What you should do
Using the data below, print exactly the line with "American Chemical Society)上。", the line with "und Ordnung zugleich!", and every line between them, but none of the pictures.

Supplied records
========
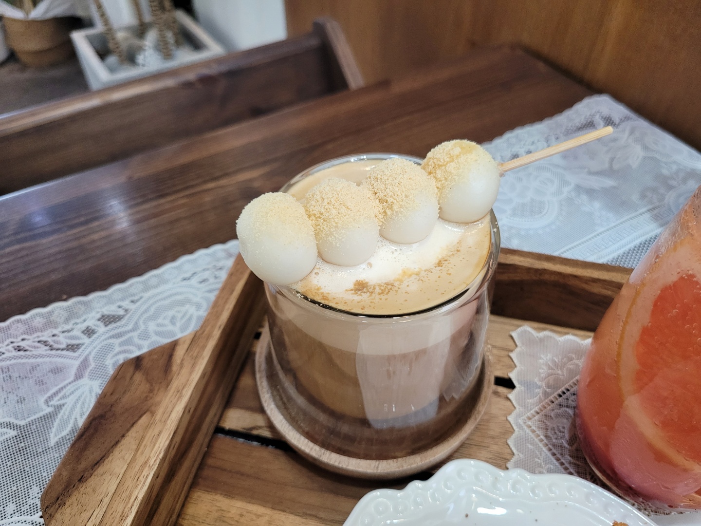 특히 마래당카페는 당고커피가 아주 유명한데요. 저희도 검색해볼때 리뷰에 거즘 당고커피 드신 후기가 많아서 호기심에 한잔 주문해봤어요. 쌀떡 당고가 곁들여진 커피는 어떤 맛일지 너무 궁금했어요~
========
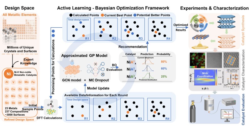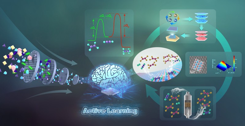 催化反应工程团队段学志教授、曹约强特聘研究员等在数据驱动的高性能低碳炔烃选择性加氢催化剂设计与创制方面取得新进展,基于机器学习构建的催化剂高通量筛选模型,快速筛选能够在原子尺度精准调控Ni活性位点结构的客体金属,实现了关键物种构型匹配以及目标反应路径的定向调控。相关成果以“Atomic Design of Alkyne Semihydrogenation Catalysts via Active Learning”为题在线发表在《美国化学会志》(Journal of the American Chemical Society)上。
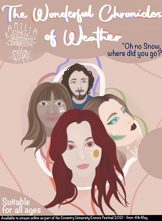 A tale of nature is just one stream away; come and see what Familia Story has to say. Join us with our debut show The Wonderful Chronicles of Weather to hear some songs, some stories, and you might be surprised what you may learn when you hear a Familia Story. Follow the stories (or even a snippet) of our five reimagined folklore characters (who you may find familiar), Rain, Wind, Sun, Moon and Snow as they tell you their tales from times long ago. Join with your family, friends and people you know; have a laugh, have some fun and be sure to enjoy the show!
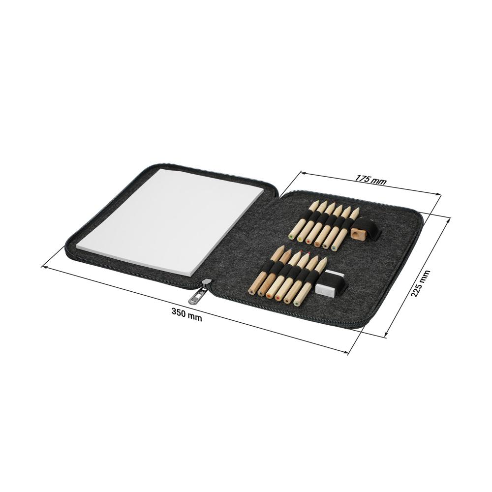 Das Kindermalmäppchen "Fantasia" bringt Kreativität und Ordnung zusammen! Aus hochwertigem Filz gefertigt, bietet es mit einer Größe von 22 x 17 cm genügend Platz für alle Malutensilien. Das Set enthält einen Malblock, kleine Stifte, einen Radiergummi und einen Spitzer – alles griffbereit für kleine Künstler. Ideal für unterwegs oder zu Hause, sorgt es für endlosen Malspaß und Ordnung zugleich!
========
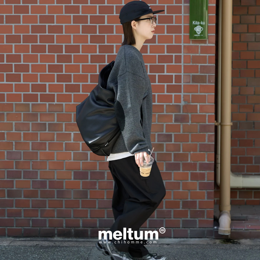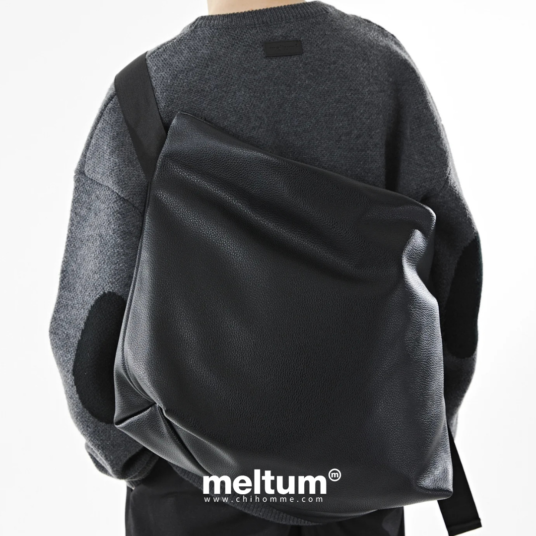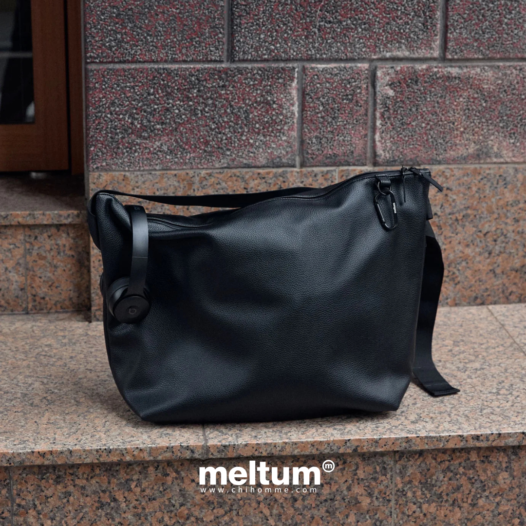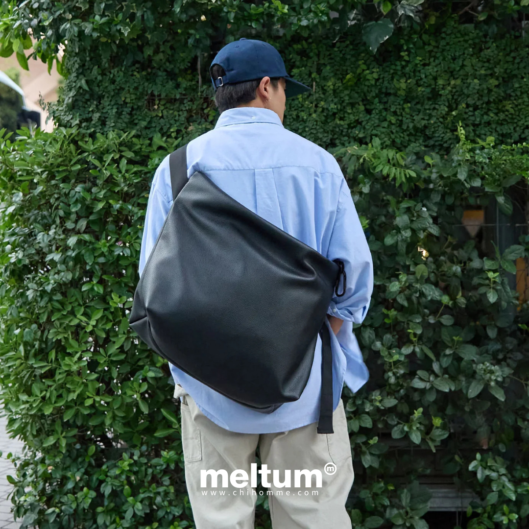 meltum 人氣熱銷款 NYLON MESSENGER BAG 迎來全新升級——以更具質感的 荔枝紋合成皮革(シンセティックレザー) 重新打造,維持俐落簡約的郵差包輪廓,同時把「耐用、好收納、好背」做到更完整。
========
Answer for the task
 催化反应工程团队段学志教授、曹约强特聘研究员等在数据驱动的高性能低碳炔烃选择性加氢催化剂设计与创制方面取得新进展,基于机器学习构建的催化剂高通量筛选模型,快速筛选能够在原子尺度精准调控Ni活性位点结构的客体金属,实现了关键物种构型匹配以及目标反应路径的定向调控。相关成果以“Atomic Design of Alkyne Semihydrogenation Catalysts via Active Learning”为题在线发表在《美国化学会志》(Journal of the American Chemical Society)上。
 A tale of nature is just one stream away; come and see what Familia Story has to say. Join us with our debut show The Wonderful Chronicles of Weather to hear some songs, some stories, and you might be surprised what you may learn when you hear a Familia Story. Follow the stories (or even a snippet) of our five reimagined folklore characters (who you may find familiar), Rain, Wind, Sun, Moon and Snow as they tell you their tales from times long ago. Join with your family, friends and people you know; have a laugh, have some fun and be sure to enjoy the show!
 Das Kindermalmäppchen "Fantasia" bringt Kreativität und Ordnung zusammen! Aus hochwertigem Filz gefertigt, bietet es mit einer Größe von 22 x 17 cm genügend Platz für alle Malutensilien. Das Set enthält einen Malblock, kleine Stifte, einen Radiergummi und einen Spitzer – alles griffbereit für kleine Künstler. Ideal für unterwegs oder zu Hause, sorgt es für endlosen Malspaß und Ordnung zugleich!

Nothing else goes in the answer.